» **Collection entries**:
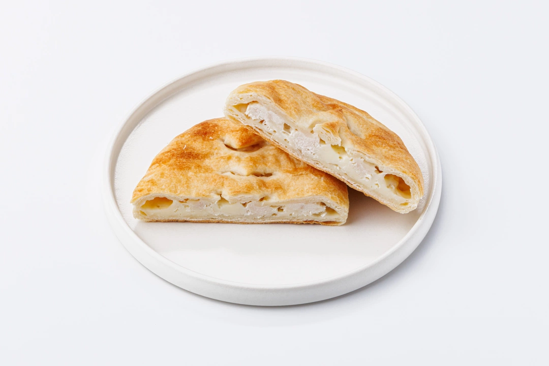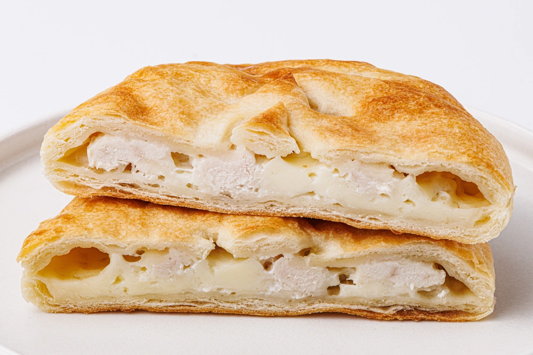 Небольшой пирог из слоёного теста с начинкой из нежной куриной грудки и осетинского сыра. Рекомендуем предварительно разогреть блюдо в микроволновой печи: сыр внутри расплавится, а мясо станет сочнее. Этот сытный пирог хорош на завтрак или на обед, когда нет времени на долгую готовку.
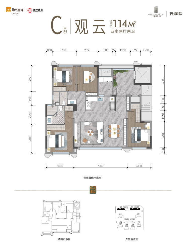 建面约114㎡ 新规四房|实际使用空间约128㎡
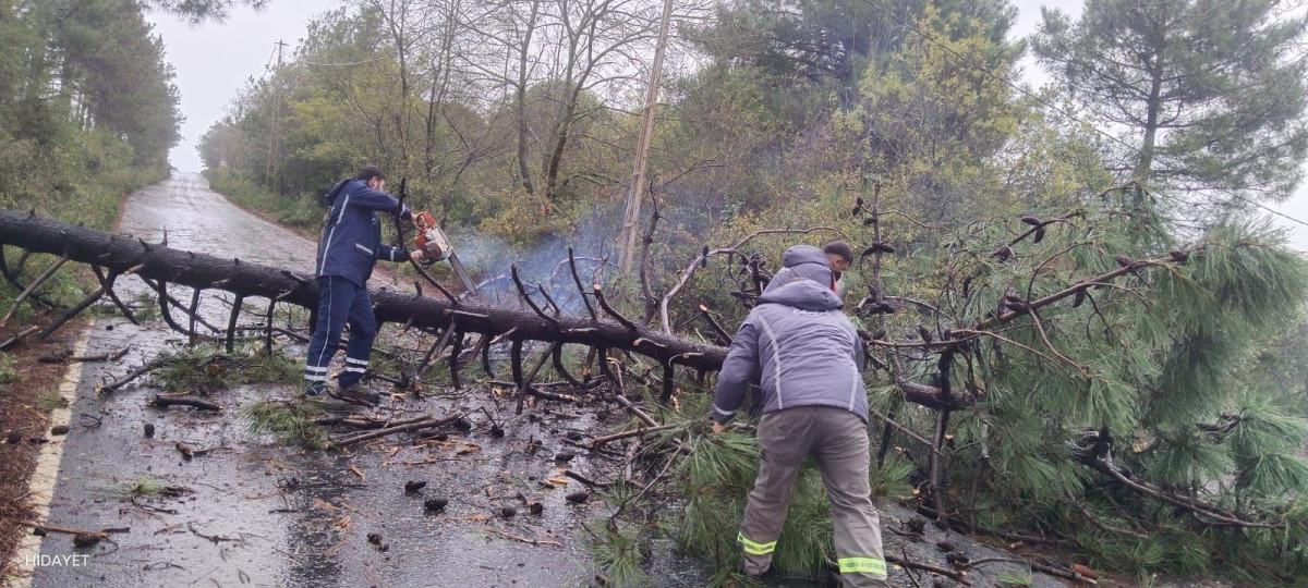 Otomobilin ön camı ve tavanında hasar oluştu, ağacın kaldırılmasının ardından yol yeniden trafiğe açıldı.
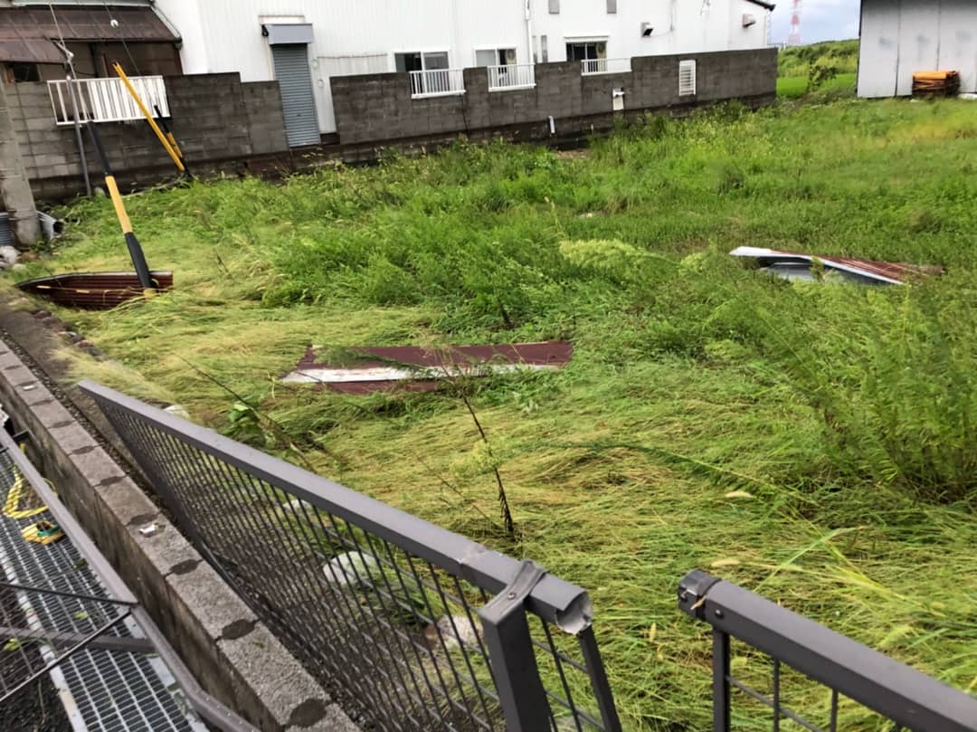 アパートの隣にトタン屋根の建物があり、台風の風がトタン屋根を剥がし、たくさん飛び回ってました。
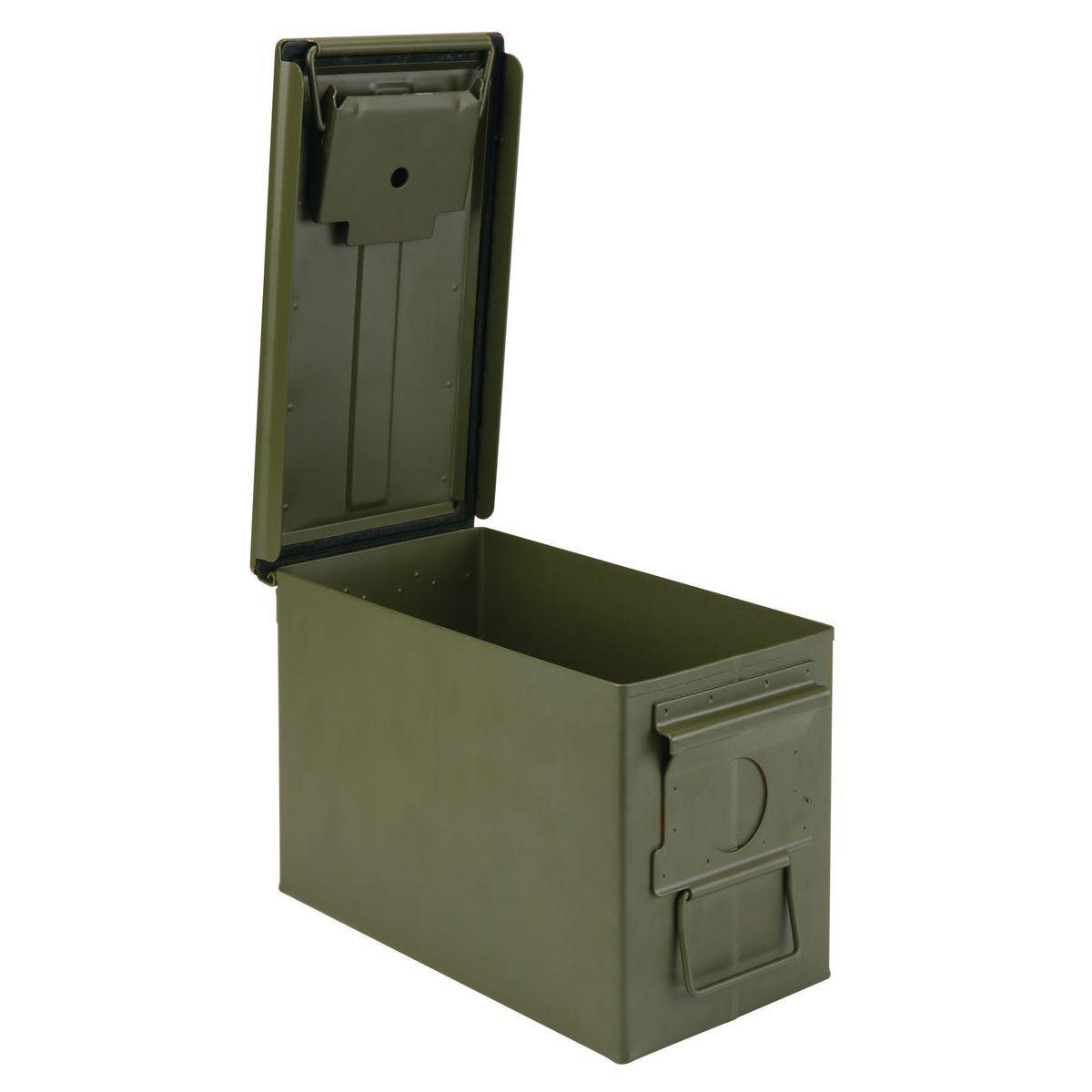This weatherproof steel ammo can is designed to hold gigantic .50 caliber Browning Machine Gun (BMG) rounds - giving you plenty of storage space for standard ammunition, tools or electronic gear. This sturdy field box is built entirely from steel with a weatherproof gasket.
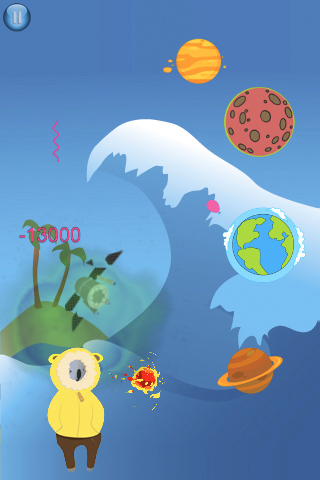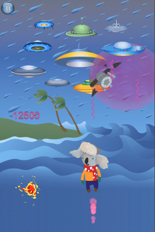 Tilt your device to navigate the koala across forty-six scenes. Tap your finger on the screen to place aliens and monsters in bubbles. Collisions with space junk and burning meteorites will force the current scene to start over and cost points. Tap the pause button to place the game on hold. Several menus allow access to game information, sound settings, scores, unlocked scenes, gifts, and other games.
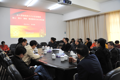 院领导邓云龙、黄飞舟、袁洪、朱晒红、郑治及相关部门负责人胡平安、郑乐知、郭新程等相继发言,结合医疗卫生行业特点和医院院情,结合自身工作实践,就怎样贯彻落实党的十八大精神,推动医院科学发展,提出很好的建议和思路。
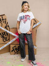 Футболка для мальчика из трикотажного полотна "кулирка" с приспущенным плечом, втачными короткими рукавами, горловиной овальной формы, обработанной втачной планкой и принтом на полочке, выполненным в технике шелкографии. По шву втачивания планки в горловину настрочена отделочная строчка.
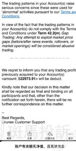 A某表示,自己在该平台交易,于周一盈利后提交出金,然而到周四晚间未到账,这时,平台周四晚间来一个“重要通知”邮件,声称我利用价格跳空获利,扣除我22973.91美元盈利。
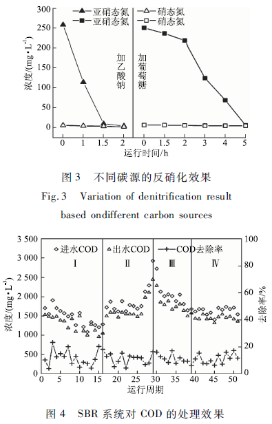 實驗中根據硝化階段產生的亞硝酸鹽氮質量濃度確定外加碳源的投加量,并保證投加碳源充足。葡萄糖和乙酸鈉均可作為反硝化反應的碳源,卻表現出不同的反硝化效率。以乙酸鈉作為碳源(C/N = 5 : 1)時,由于碳源充足,NO2- -N在1.5 -2 h內幾乎全部去除,反硝化率高達98. 11%;而以葡萄糖為碳源(C/N=7:1)時,出水3h后,NO2- -N從250降至 125. 53 mg / L ,反硝化率僅為51. 49%,延長反硝化時I司至Sh,出水NO2- -N降至6. 42 mg / L ,反硝化率達到97. 86%,可以明顯看出以乙酸鈉為外加碳源比葡萄糖可以更快地消耗亞硝態氮,所以以乙酸鈉作為碳源反硝化速率更快(見圖3)。經分子結構分析,乙酸鈉是小分子有機物,易于生物降解,作為外加碳源時反硝化效率有更高。葡萄糖是大分子有機物,須先分解為小分子才能被微生物利用,可生化性不如乙酸鈉。
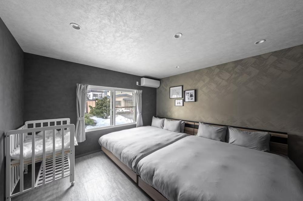 ベッドルーム1:クイーンベッド2台、ベビーベッド1台(1F・冷暖房エアコン)
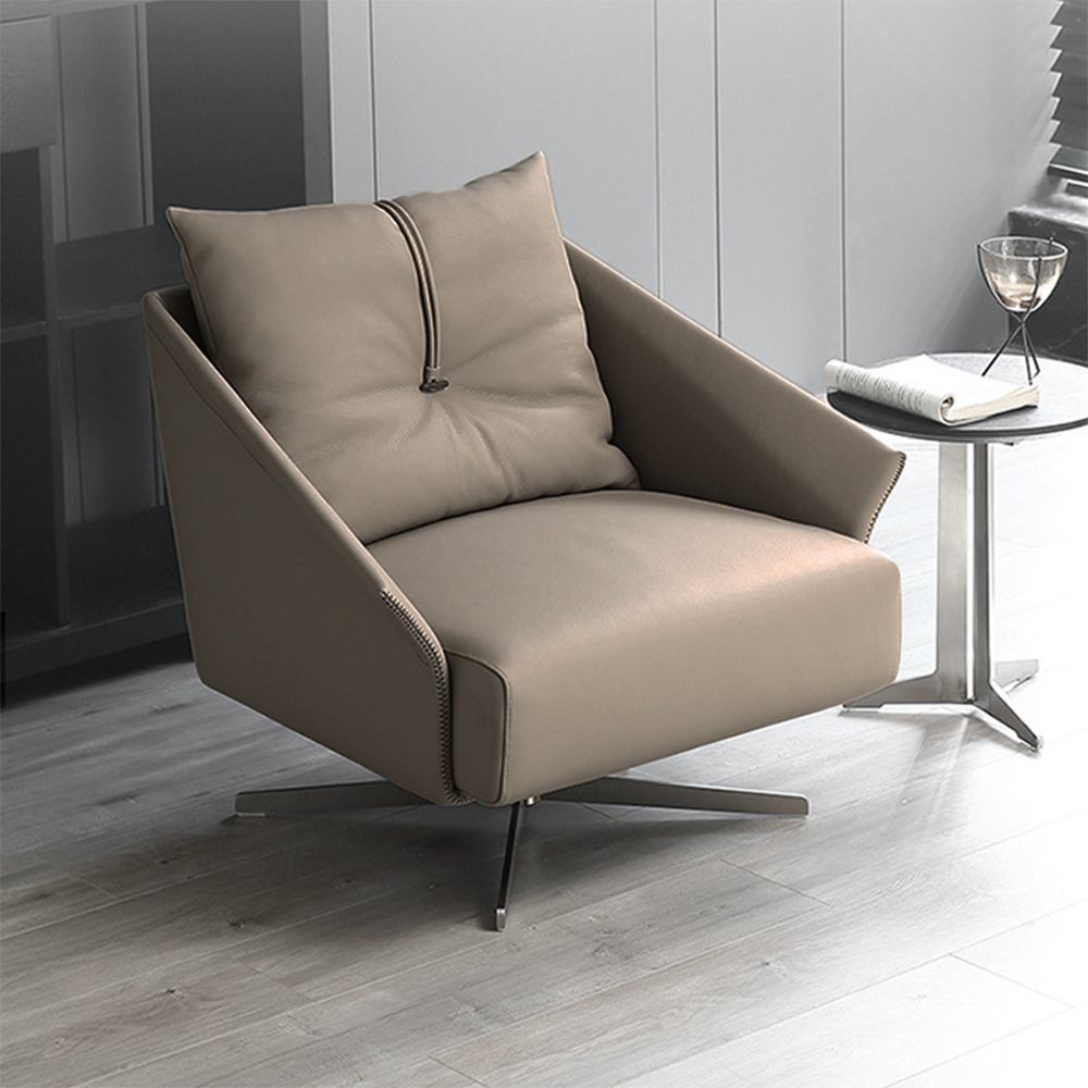 The leather upholstery of the armchair not only gives it a chic look, but also ensures reliability and durability. A high level of comfort is provided by the soft and cozy surface of the seat and backrest. The beige color of the armchair adds space and light to your interior, and its low design is ideal for relaxing in private.

» **Problem requirements**:
Exact copy, pictures excluded: from the line with "A某表示,自己在该平台交易,于周一盈利后" up to and including the line with "ベッドルーム1:クイーンベッド2台、ベビーベッド1台(1F・冷暖房エアコン)" in the data above.

» **Output of the exercise**:
 A某表示,自己在该平台交易,于周一盈利后提交出金,然而到周四晚间未到账,这时,平台周四晚间来一个“重要通知”邮件,声称我利用价格跳空获利,扣除我22973.91美元盈利。
 實驗中根據硝化階段產生的亞硝酸鹽氮質量濃度確定外加碳源的投加量,并保證投加碳源充足。葡萄糖和乙酸鈉均可作為反硝化反應的碳源,卻表現出不同的反硝化效率。以乙酸鈉作為碳源(C/N = 5 : 1)時,由于碳源充足,NO2- -N在1.5 -2 h內幾乎全部去除,反硝化率高達98. 11%;而以葡萄糖為碳源(C/N=7:1)時,出水3h后,NO2- -N從250降至 125. 53 mg / L ,反硝化率僅為51. 49%,延長反硝化時I司至Sh,出水NO2- -N降至6. 42 mg / L ,反硝化率達到97. 86%,可以明顯看出以乙酸鈉為外加碳源比葡萄糖可以更快地消耗亞硝態氮,所以以乙酸鈉作為碳源反硝化速率更快(見圖3)。經分子結構分析,乙酸鈉是小分子有機物,易于生物降解,作為外加碳源時反硝化效率有更高。葡萄糖是大分子有機物,須先分解為小分子才能被微生物利用,可生化性不如乙酸鈉。
 ベッドルーム1:クイーンベッド2台、ベビーベッド1台(1F・冷暖房エアコン)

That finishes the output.